From the data below, return the exact lines starting at the line containing "The classy Emmy" and ending at the line containing "Велосипед купувався задля", both included, and nothing else.

- [Material provided]:
= = = = = = =

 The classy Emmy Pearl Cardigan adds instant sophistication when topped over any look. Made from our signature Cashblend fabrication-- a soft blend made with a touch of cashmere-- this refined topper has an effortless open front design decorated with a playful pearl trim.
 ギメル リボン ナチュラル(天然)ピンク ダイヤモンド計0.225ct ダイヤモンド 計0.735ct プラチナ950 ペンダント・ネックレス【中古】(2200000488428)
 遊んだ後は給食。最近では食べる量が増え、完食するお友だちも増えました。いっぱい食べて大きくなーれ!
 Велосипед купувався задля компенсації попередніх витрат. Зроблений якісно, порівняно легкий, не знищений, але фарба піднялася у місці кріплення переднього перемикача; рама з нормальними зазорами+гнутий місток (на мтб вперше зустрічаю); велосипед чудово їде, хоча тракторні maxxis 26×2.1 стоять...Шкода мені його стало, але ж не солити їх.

= = = = = = =

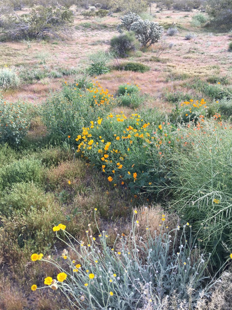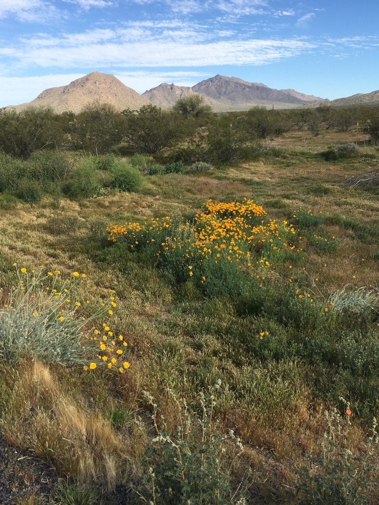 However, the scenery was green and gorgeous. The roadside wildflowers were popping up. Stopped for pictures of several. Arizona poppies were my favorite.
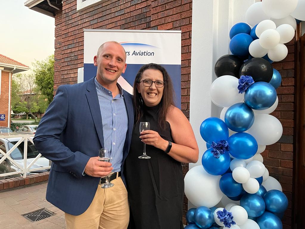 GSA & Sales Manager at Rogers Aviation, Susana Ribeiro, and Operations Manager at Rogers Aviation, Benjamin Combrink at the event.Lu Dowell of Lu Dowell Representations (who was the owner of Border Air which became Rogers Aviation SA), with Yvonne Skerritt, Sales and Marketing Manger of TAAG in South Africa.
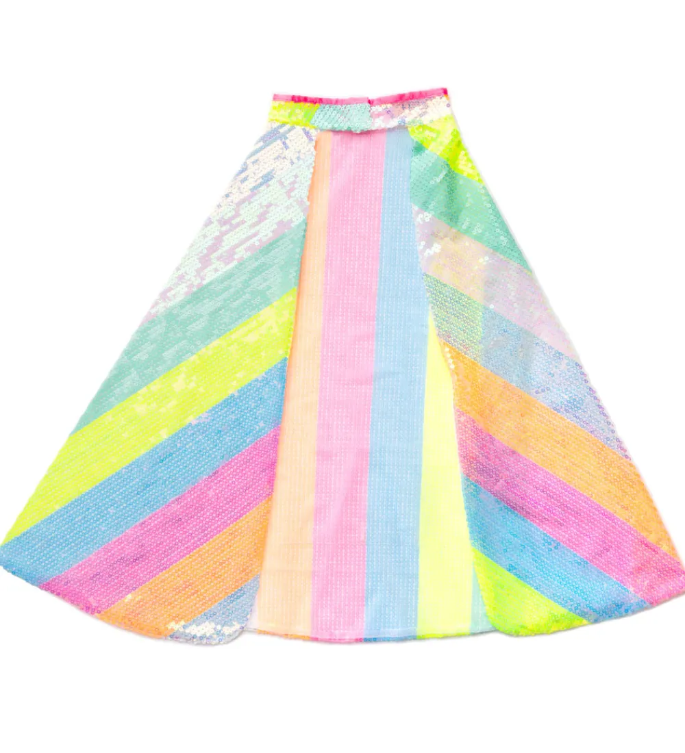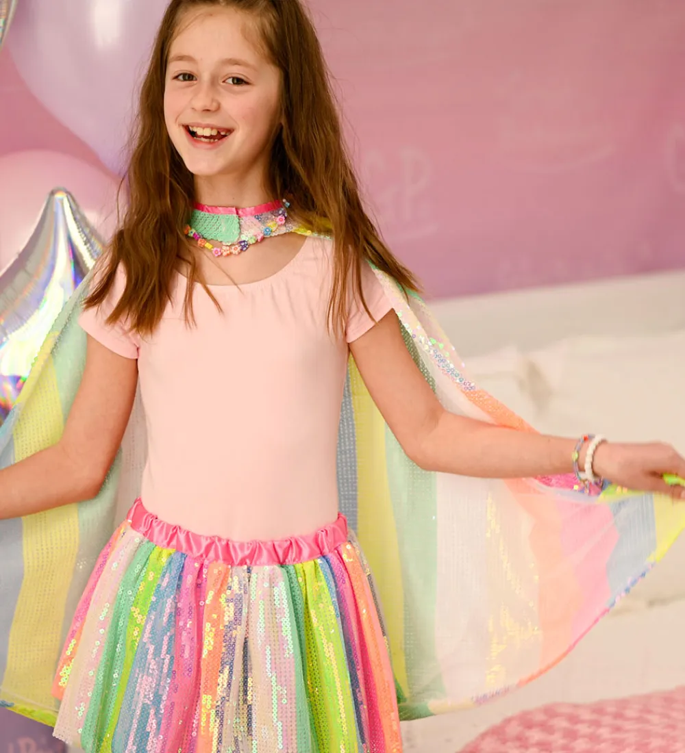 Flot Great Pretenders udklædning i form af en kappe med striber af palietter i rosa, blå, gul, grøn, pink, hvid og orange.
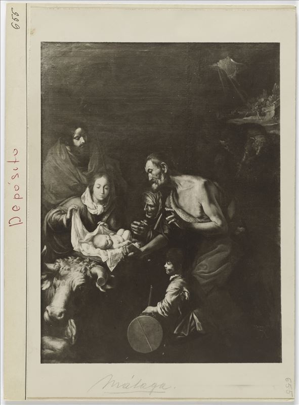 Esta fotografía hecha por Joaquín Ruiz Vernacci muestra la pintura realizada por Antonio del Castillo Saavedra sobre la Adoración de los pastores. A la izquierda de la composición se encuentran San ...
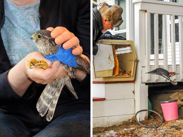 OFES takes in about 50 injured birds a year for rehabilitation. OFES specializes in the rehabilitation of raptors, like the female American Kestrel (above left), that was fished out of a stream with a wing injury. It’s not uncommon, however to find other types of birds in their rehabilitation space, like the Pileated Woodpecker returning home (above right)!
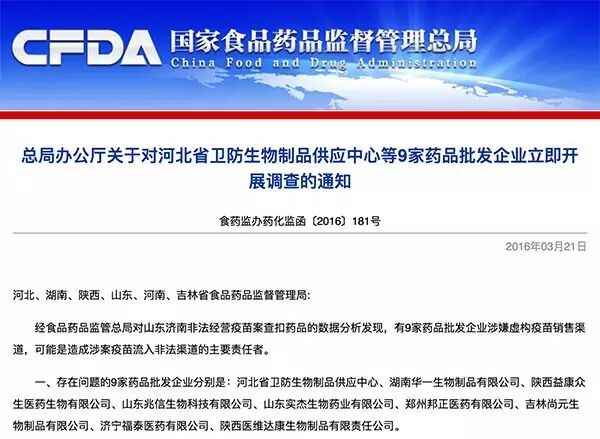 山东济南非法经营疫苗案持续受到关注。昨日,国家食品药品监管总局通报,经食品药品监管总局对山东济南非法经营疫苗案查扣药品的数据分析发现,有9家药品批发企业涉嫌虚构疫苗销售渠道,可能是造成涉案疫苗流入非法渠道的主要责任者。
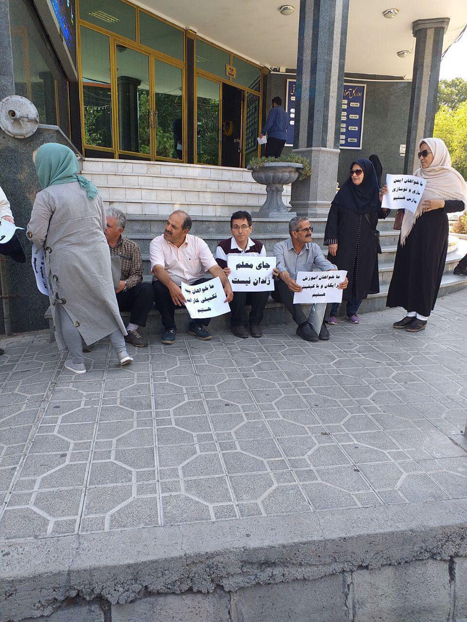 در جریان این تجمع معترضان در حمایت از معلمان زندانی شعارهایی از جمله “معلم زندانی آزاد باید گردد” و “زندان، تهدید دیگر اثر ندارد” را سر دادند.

= = = = = = =

- [Response to the exercise]:
 The classy Emmy Pearl Cardigan adds instant sophistication when topped over any look. Made from our signature Cashblend fabrication-- a soft blend made with a touch of cashmere-- this refined topper has an effortless open front design decorated with a playful pearl trim.
 ギメル リボン ナチュラル(天然)ピンク ダイヤモンド計0.225ct ダイヤモンド 計0.735ct プラチナ950 ペンダント・ネックレス【中古】(2200000488428)
 遊んだ後は給食。最近では食べる量が増え、完食するお友だちも増えました。いっぱい食べて大きくなーれ!
 Велосипед купувався задля компенсації попередніх витрат. Зроблений якісно, порівняно легкий, не знищений, але фарба піднялася у місці кріплення переднього перемикача; рама з нормальними зазорами+гнутий місток (на мтб вперше зустрічаю); велосипед чудово їде, хоча тракторні maxxis 26×2.1 стоять...Шкода мені його стало, але ж не солити їх.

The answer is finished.